Only the text should come through, so restate the listing exactly and drop its images.

┌─ Recorded data

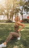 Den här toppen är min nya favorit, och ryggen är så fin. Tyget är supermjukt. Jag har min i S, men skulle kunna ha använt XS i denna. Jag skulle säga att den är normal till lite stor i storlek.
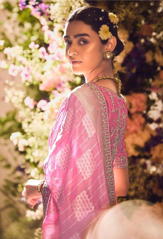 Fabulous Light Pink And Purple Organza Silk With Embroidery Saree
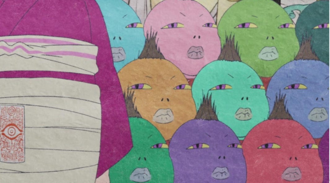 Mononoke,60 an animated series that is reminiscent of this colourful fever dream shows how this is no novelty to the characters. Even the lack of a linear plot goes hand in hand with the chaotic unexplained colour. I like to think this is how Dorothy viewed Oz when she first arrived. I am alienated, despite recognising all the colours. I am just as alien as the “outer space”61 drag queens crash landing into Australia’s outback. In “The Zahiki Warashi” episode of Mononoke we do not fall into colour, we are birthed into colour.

└─

### Output of the task
 Den här toppen är min nya favorit, och ryggen är så fin. Tyget är supermjukt. Jag har min i S, men skulle kunna ha använt XS i denna. Jag skulle säga att den är normal till lite stor i storlek.
 Fabulous Light Pink And Purple Organza Silk With Embroidery Saree
 Mononoke,60 an animated series that is reminiscent of this colourful fever dream shows how this is no novelty to the characters. Even the lack of a linear plot goes hand in hand with the chaotic unexplained colour. I like to think this is how Dorothy viewed Oz when she first arrived. I am alienated, despite recognising all the colours. I am just as alien as the “outer space”61 drag queens crash landing into Australia’s outback. In “The Zahiki Warashi” episode of Mononoke we do not fall into colour, we are birthed into colour.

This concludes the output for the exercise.